Reportagens da mídia no fim de semana citaram o embaixador do Irã no México, Abolfazl Pasandideh, dizendo que as seleções do Irã devem entrar e sair dos Estados Unidos no mesmo dia em que jogam. Isso levanta questões sobre logística. E isso afetará o desempenho da equipe?
Aymen Hussein: Iraque
Aymen Hussein, atacante iraquiano Ele foi detido por quase sete horas e seu telefone foi verificado no aeroporto O’Hare de Chicago. antes de finalmente ter permissão para entrar no país.
“Por que a América sediou a Copa do Mundo? Quando é que há tanta hostilidade contra os estrangeiros?” disse o homem de 30 anos após o incidente.
Enquanto isso, Talal Salah, o fotógrafo da seleção nacional que ficou detido por mais de 10 horas, foi submetido a verificações telefônicas semelhantes. e acabou tendo sua entrada negada nos Estados Unidos.
Woodensky Pierre: Haiti
Woodensky Pierre é o único integrante da seleção haitiana de futebol que vive no país caribenho. Recebeu um visto atrasado do governo dos EUA para jogar a copa do mundo
Pierre está treinando com jogadores locais em uma área nobre de Porto Príncipe. capital do Haiti Enquanto espera pelo visto, “bons momentos para ele. Um momento feliz”, disse um dirigente da Federação Haitiana de Futebol.
O meio-campista do Cité Soleil não pôde disputar o amistoso contra a Nova Zelândia porque seu visto não foi aprovado pelas autoridades norte-americanas. Até que seja tarde demais Ele desembarcou no aeroporto de Miami durante o primeiro tempo com dirigentes do futebol haitiano. e espero pegar os momentos finais do jogo
Breel Embolo: Suíça
O atacante suíço Breil Embolo não pôde viajar com a equipe devido a um visto sinalizado. Mas eles finalmente os alcançaram depois de serem autorizados a entrar nos Estados Unidos.
A obstrução está ligada a uma condenação anterior relacionada com a altercação de Basileia em 2018. Embolo foi considerado culpado de intimidação cinco anos depois. da qual optou por não recorrer. Mas o seu destino seria decidido numa reunião na Embaixada dos EUA. na cidade de Berna Ele já havia defendido o caso e liberado o assunto para a viagem.
A FIFA exige aprovação de visto?
As regras de licitação da FIFA para 2017 para países que desejam sediar esta Copa do Mundo especificam que o processamento de vistos “deve ser realizado de maneira não discriminatória”, com a ressalva de que não deve “ter um efeito negativo nos padrões de imigração e na segurança do país”.

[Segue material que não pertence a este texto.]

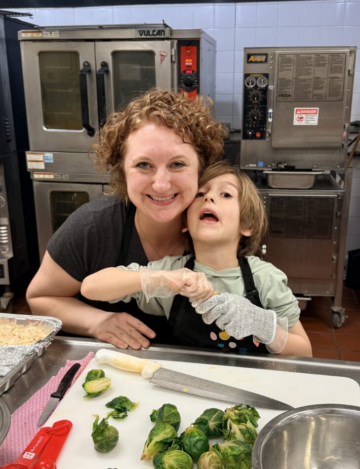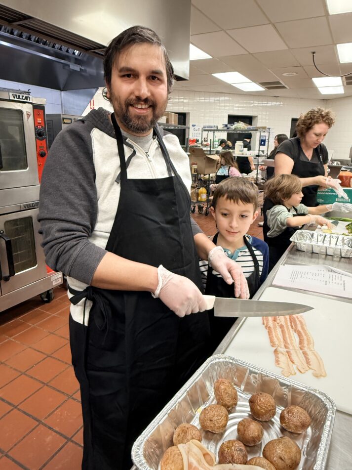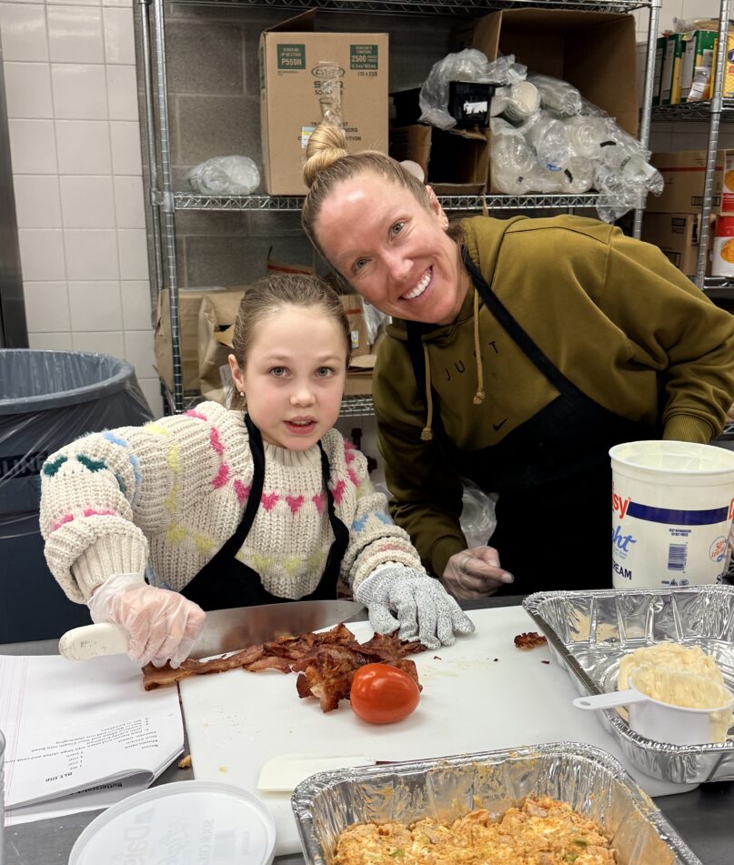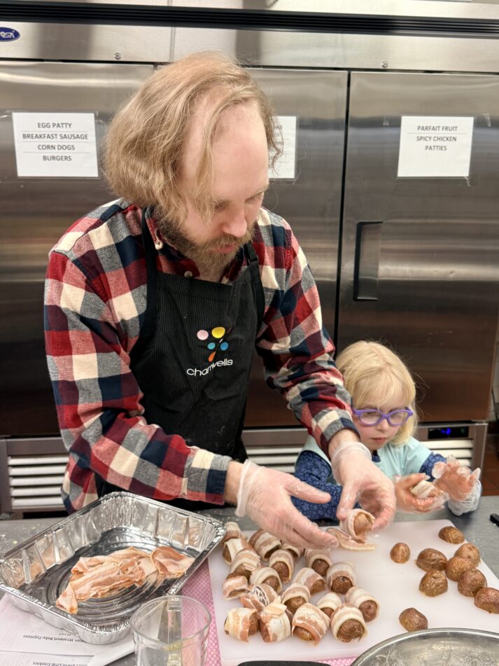 Ann Arbor Rec & Ed‘s new “Adult/Child Cooking: Touchdown Treats” class was a huge success last night as families teamed up in the Pioneer High School kitchen to create the ultimate Super Bowl spread: Butterscotch Potato Chip Cookies, Smoky Bacon-Wrapped Baby Potatoes, and a BLT Dip.
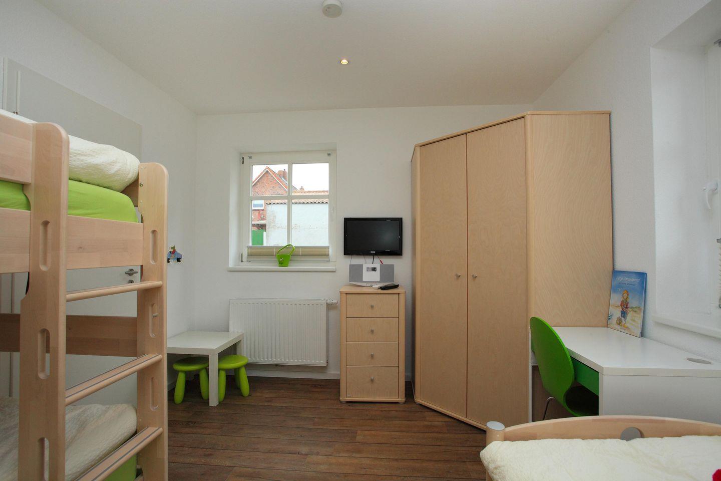 Die Wohnung bietet zwei liebevoll eingerichtete Schlafzimmer: Ein geräumiges Elternschlafzimmer mit komfortablem Doppelbett, Flachbild-TV und eigenem Badezimmer mit bodengleicher Dusche, WC, Haarfön und angenehmer Fußbodenerwärmung. Das Kinderzimmer überzeugt durch praktische Einrichtung mit Einzelbett, Hochbett, Schreibtisch, Flachbild-TV, DVD-Player sowie einer iPod-kompatiblen Musikanlage.
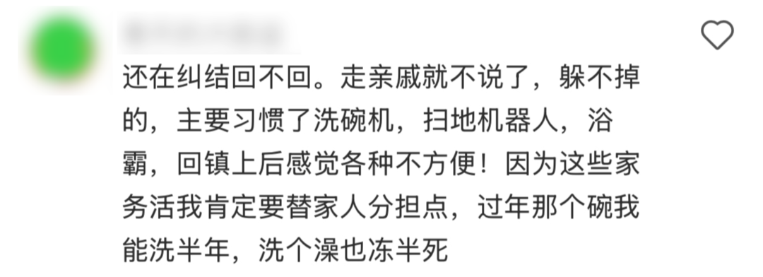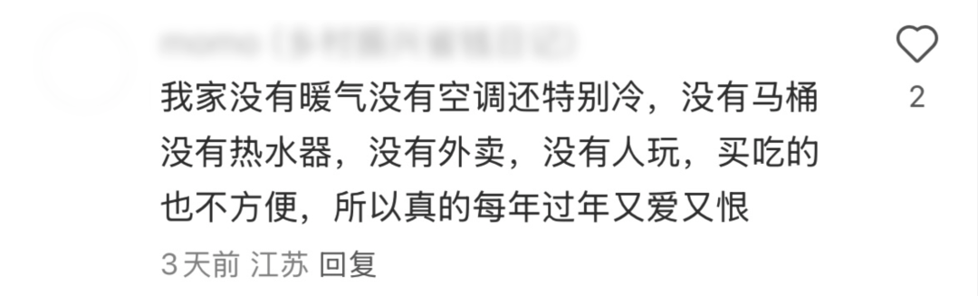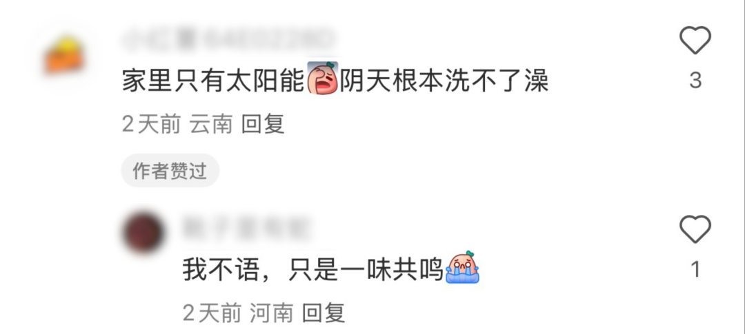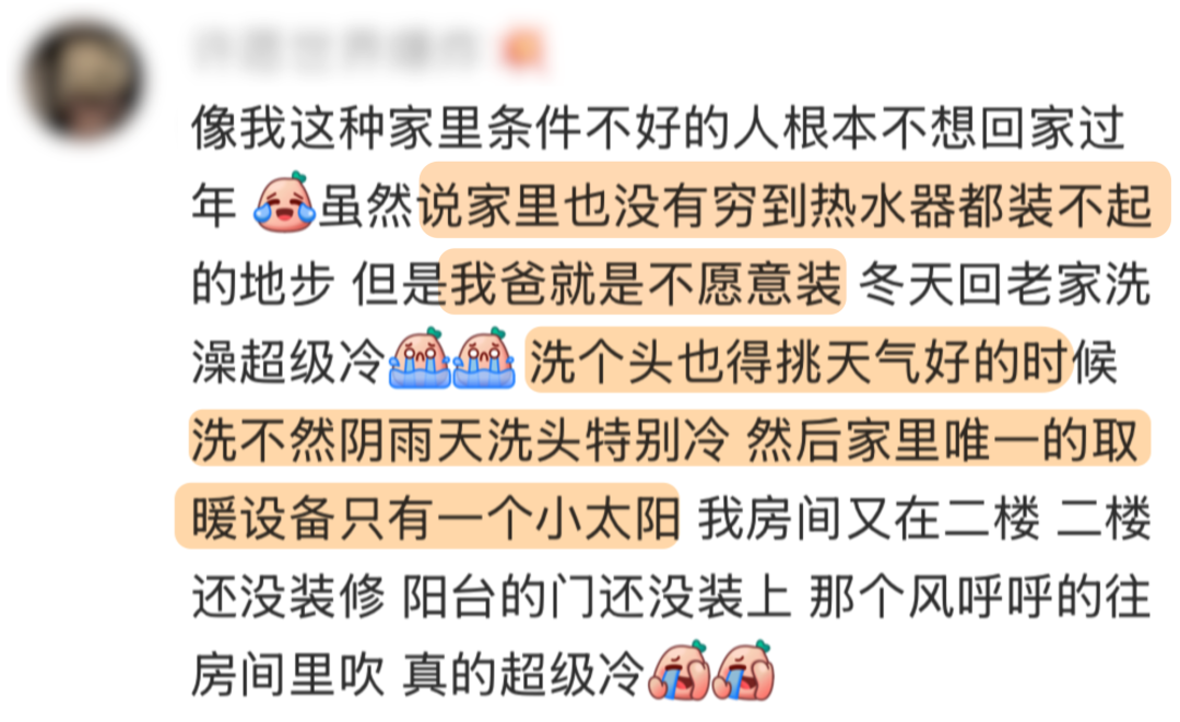 有網友説家裏只有太陽能熱水器,陰天根本洗不了澡。類似的有人因為家裏沒有暖氣沒有空調,每年過年真的又愛又恨。
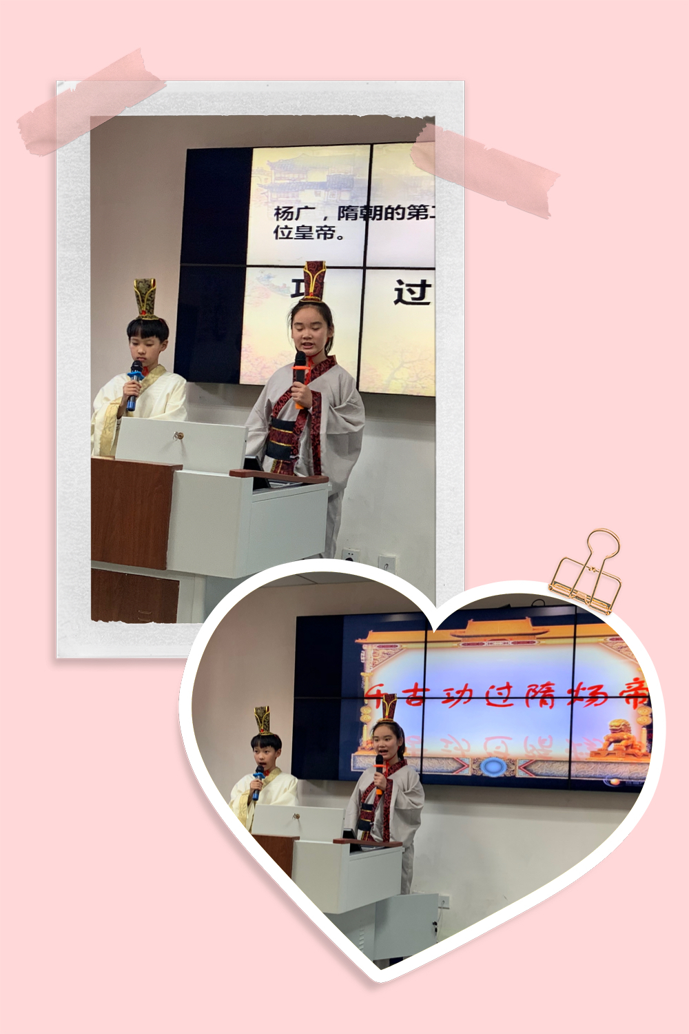 六年二班矫程来同学和杨曜泽同学分享《千古功过隋炀帝》,从工业大、精力好、才情美几方面有理有据分析隋炀帝功过两面,修葺京杭大运河。(划红线有问题,什么是工业大?另外这几方面都是功,没有过啊。最后一句还没写完)
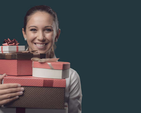 Happy young woman holding a lot of gift boxes, Christmas shopping and celebration concept
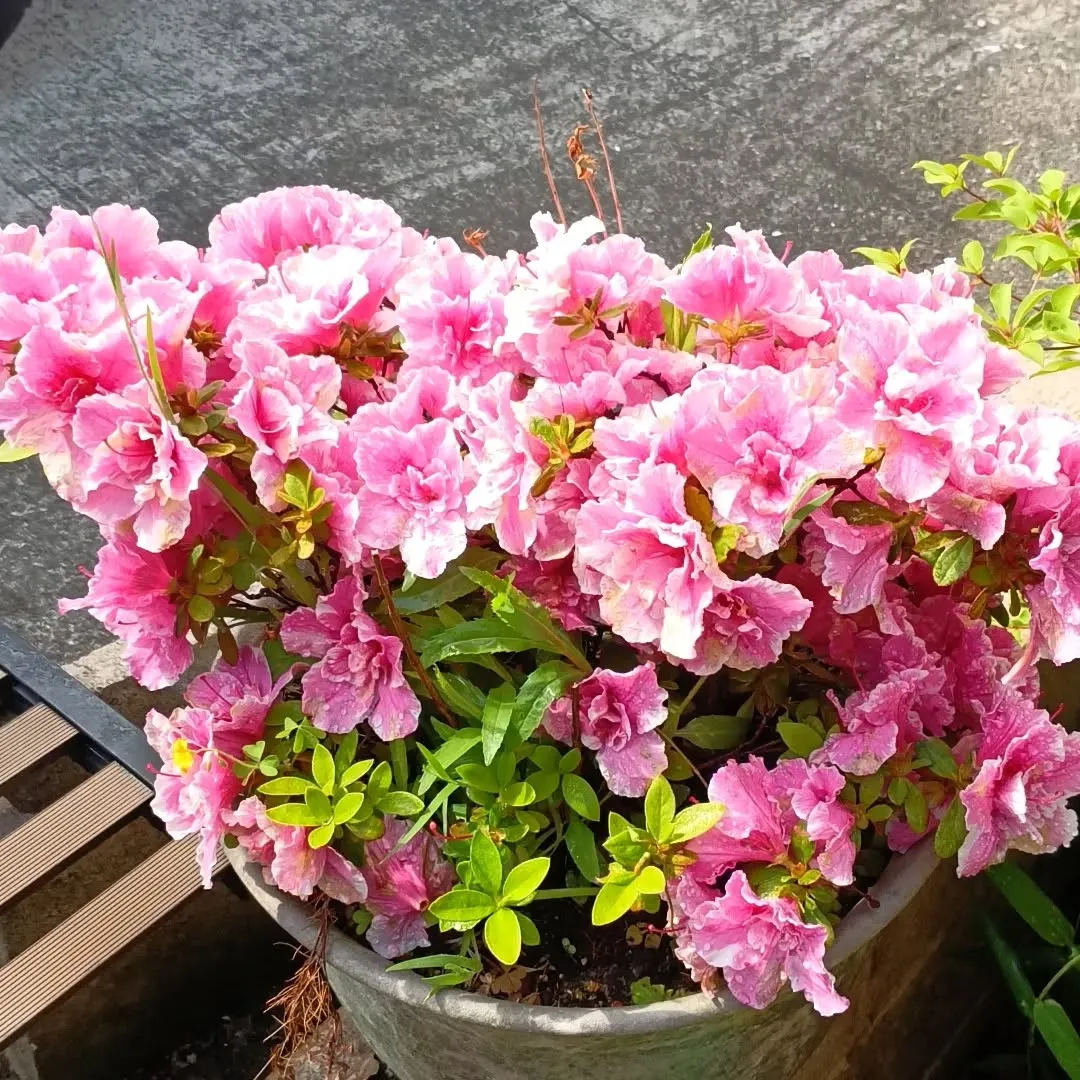 花🌸の名前がちょっと分からず、たぶんアザレアですが、今満開になっています。
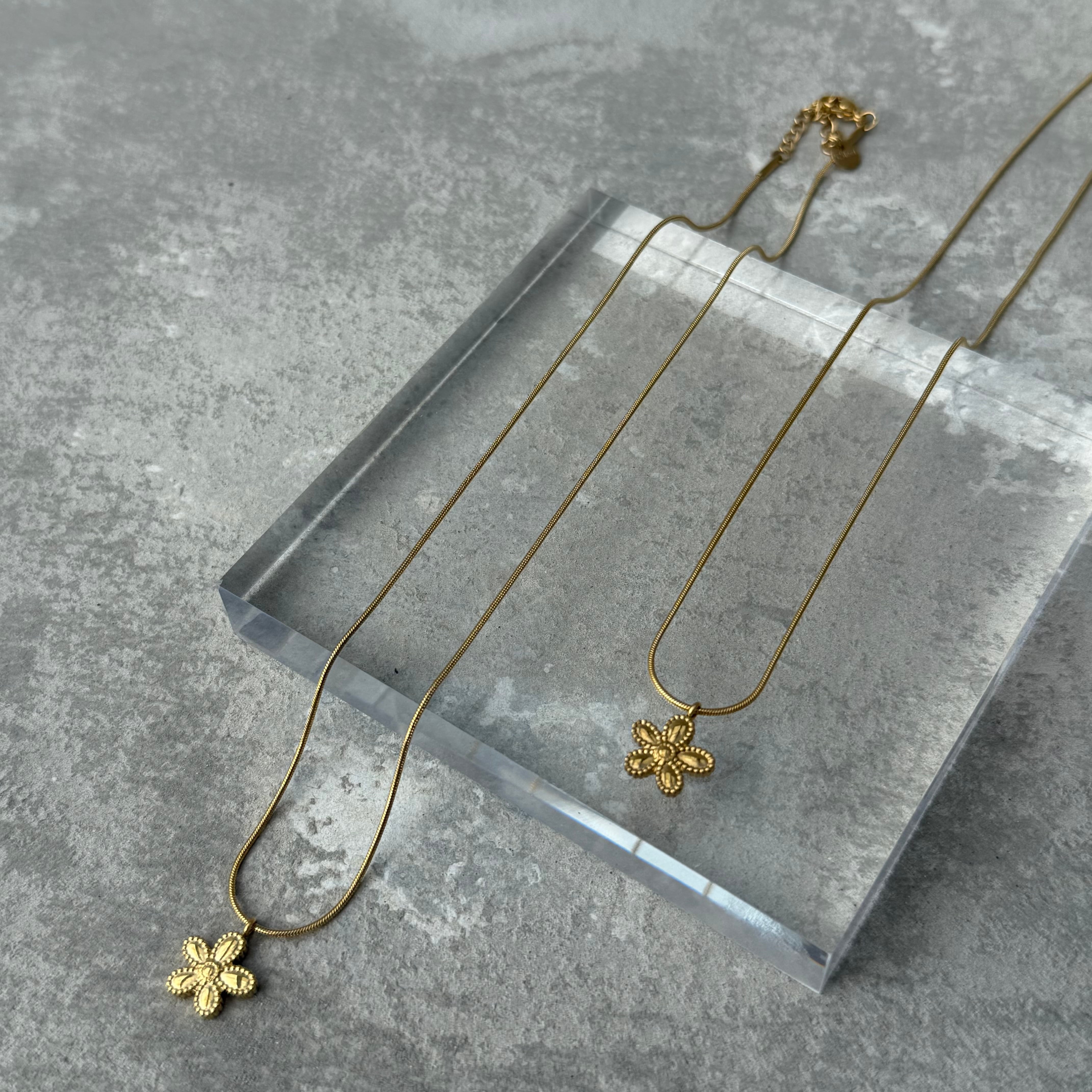 人気のスネークチェーンにキュートなフラワーチャームがポイントのネックレス
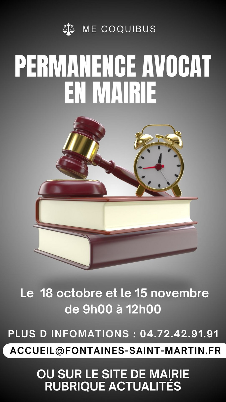 De 9h à 12h Sur RDV Maître Coquibus vous reçoit gratuitement en mairie Ajouter à mon Calendrier (.ics) Retour

O advogado esportivo Noor explica que afirma que, compreensivelmente, permanece a responsabilidade soberana pelo controle das fronteiras e pela segurança nacional. Mas os eventos desportivos globais exigem frequentemente um enquadramento especial.
“Não se trata de exigir que os Estados abandonem as suas leis de imigração ou renunciem à sua soberania.
“Em vez disso, é uma questão de saber se a organização do maior evento desportivo do mundo tem a responsabilidade de proporcionar inclusão e acesso significativos”, disse Noor.
O presidente da FIFA, Gianni Infantino, rejeitou preocupações e críticas. Afirmou que os executivos das organizações globais de futebol não são “reis do mundo” e não podem ignorar as decisões do governo.
Infantino, que enfrenta perguntas da mídia antes da Copa do Mundo na quarta-feira, disse que a Fifa está focada em ser uma “organização esportiva” e não interferirá na ajuda aos Estados Unidos. Considere a aprovação para entrada no país
“Estamos sempre a tentar encontrar soluções”, disse Infantino numa conferência de imprensa na Cidade do México, “mas temos de respeitar o facto de não sermos reis do mundo que podem governar governos e forças policiais. E não sei o que somos. Somos uma organização desportiva. Tentamos fazer o melhor que podemos com os meios que temos”.